What a strong LLM SEO partner looks like
A capable LLM SEO agency will typically demonstrate a few key characteristics. It will have a clear methodology, show evidence of real outcomes, and provide a way to track progress over time.
This includes:
- A structured approach to building and reinforcing entity associations
- Systems for tracking prompt-level visibility and changes over time
- Evidence of consistent inclusion in AI-generated answers across multiple queries
- A focus on outcomes such as qualified leads or revenue influenced by AI discovery
Ultimately, the goal is to work with an agency that understands how AI systems interpret information and can translate that understanding into measurable business impact.
LLM SEO vs Traditional SEO Agencies (Quick Comparison)
The difference between traditional SEO and LLM SEO becomes clearer when you compare how each approach defines success, builds strategy, and measures outcomes. While there is overlap, the underlying models are fundamentally different.
| Factor | Traditional SEO Agency | LLM SEO Agency |
|---|---|---|
| Core goal | Rank pages on search engines | Get brands recommended in AI answers |
| Primary metric | Traffic, impressions, rankings | Citations, mentions, prompt visibility |
| Strategy focus | Keywords and backlinks | Entities, prompts, distributed signals |
| Content approach | Optimize pages for search | Structure content for extraction and reuse |
| Visibility layer | Search results pages | AI-generated responses |
| Outcome | Clicks and visits | Inclusion in decision-making answers |
This comparison highlights why many companies experience a gap between ranking performance and actual discovery. Traditional SEO can still drive traffic, but it does not guarantee presence in AI-driven environments. LLM SEO addresses that gap by focusing on how information is interpreted and presented inside these systems.

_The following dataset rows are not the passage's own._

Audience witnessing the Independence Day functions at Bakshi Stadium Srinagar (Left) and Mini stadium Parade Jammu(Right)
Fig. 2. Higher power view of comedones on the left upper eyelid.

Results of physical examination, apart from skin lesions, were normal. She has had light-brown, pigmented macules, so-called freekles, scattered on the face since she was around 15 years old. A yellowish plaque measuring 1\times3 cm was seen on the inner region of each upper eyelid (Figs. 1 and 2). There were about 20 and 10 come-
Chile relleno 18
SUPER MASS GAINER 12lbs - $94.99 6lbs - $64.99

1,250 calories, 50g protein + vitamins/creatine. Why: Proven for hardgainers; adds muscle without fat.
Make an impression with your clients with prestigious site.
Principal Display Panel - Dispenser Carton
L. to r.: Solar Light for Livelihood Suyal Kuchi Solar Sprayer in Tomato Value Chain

FAQ: LLM SEO Agencies and AI Visibility
1. What is the best LLM SEO agency in 2026?
The best LLM SEO agency depends on your business model and goals, but agencies that can demonstrate consistent visibility inside AI tools and tie that visibility to revenue tend to stand out. This requires more than content creation. It involves structured approaches to entity positioning, citation building, and prompt coverage.

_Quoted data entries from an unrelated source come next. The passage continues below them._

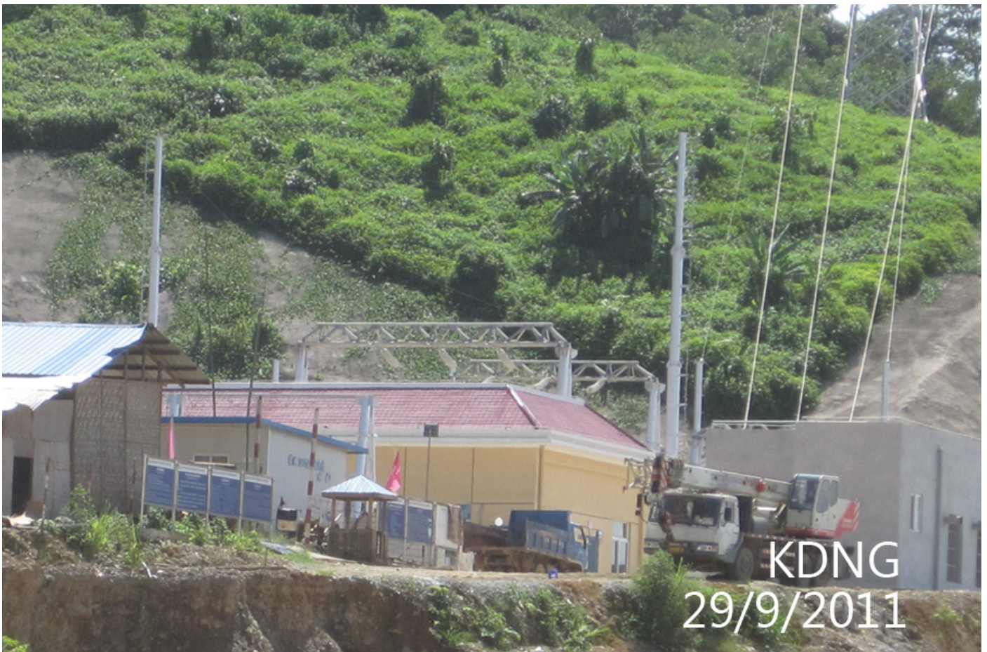
Power relay station to transfer electricity for construction activities at the Myitsone dam site
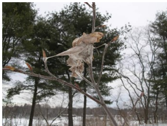
Browntail Moth web

Right now the caterpillars are snug in webs tightly wrapped in silk out at the very tips of oak and apple tree branches. This is where they will stay until the sun warms them in late April. At that point they emerge from their winter sleep and look for new tree leaves to eat. During May and June the caterpillars eat and grow and shed their skins (note this - shed their skins) four times before they become pupae and then transform into adult moths.
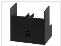
Terminal cover for BW 40.88
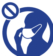
Do Not Touch The Front Part of a Mask
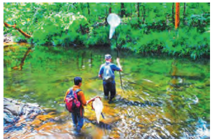
Figure 7. Stream below Gurok Beraye Waterfall on Gunung Tajam (location 8).
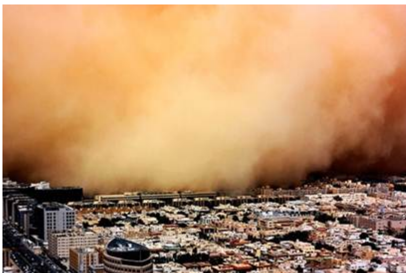
Sandstorm hitting Riyadh, Saudi Arabia, 2012

Every Spring and Summer, during a period of low pressure over the Persian Gulf, powerful winds known as the "shamals and sharqi," sweep down from the north and north east into Saudi Arabia, whipping up ever more grains of sand as they head south and south west across the Arabian Desert. Frequently, these sandstorms become gargantuan in size - hundreds of meters high and kilometers wide and in length of dense roiling particulate, choking the lungs of those exposed, blocking out the sun completely and, by the time they are over, burying whole towns, sometimes even large cities like Riyadh, in a meter deep or more of sand.
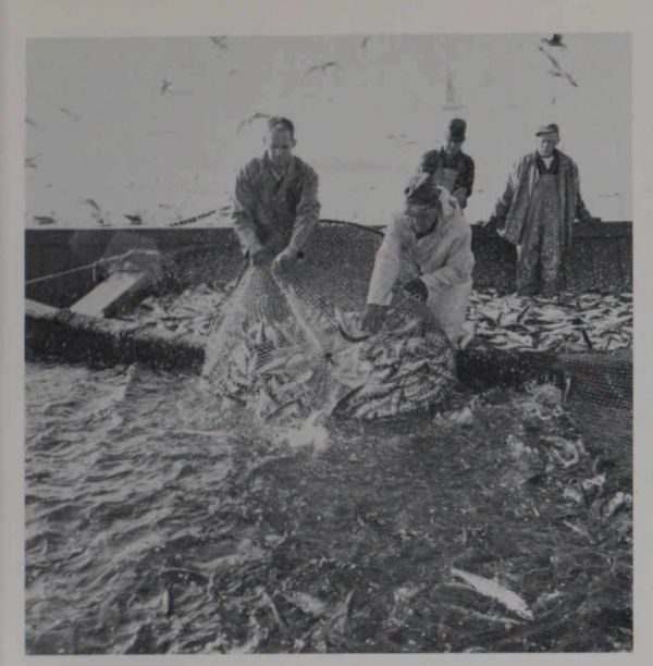
Commercial fishing boats come in many sizes.
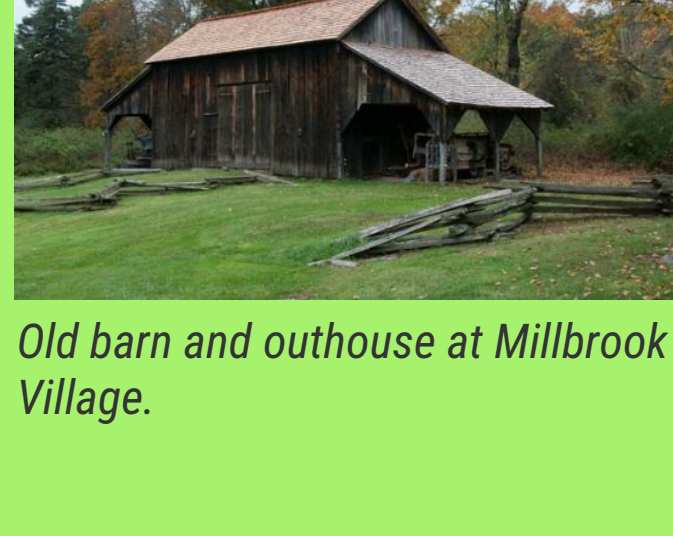
Old barn and outhouse at Millbrook Village.

Trip Length: Roughly 85 miles, plus side strips

2. How do I know if my brand appears in ChatGPT or Perplexity?
You can test this by running relevant prompts inside these tools and checking whether your brand is mentioned or cited. For a more systematic approach, some agencies use prompt tracking systems that monitor visibility across multiple queries and over time.
3. Can traditional SEO agencies handle LLM SEO?

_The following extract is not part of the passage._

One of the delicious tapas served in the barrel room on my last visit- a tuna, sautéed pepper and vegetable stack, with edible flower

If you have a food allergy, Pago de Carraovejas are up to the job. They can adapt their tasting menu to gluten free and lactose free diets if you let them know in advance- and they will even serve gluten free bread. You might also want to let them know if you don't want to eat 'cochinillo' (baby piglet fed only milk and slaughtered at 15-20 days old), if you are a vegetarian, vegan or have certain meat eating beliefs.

Traditional SEO agencies can contribute to LLM SEO through content and authority building, but most do not have dedicated systems for optimizing AI-generated answers. Without prompt-level strategies and citation-focused content, results are often inconsistent.
4. How long does it take to see results from LLM SEO?
LLM SEO typically requires consistent effort over several months. Since it involves building signals across multiple sources, results tend to compound over time rather than appearing immediately.
5. Is LLM SEO only relevant for SaaS companies?
LLM SEO is particularly impactful for SaaS and other research-heavy buying journeys, but it can apply to any business where users rely on AI tools to compare options, evaluate solutions, or gather recommendations.
Conclusion
Search behavior is shifting from browsing links to consuming answers. This shift changes how brands are discovered, compared, and selected. Ranking on Google is no longer enough if your brand is not part of the answers users see inside AI tools.
LLM SEO addresses this change by focusing on how brands are represented across the web and how that information is used by AI systems. It requires a different way of thinking about visibility, one that prioritizes entities, prompts, and distributed signals over isolated pages.
For companies that want to stay competitive, the question is no longer whether to invest in LLM SEO. It is how quickly they can adapt to a model where recommendations carry more weight than rankings.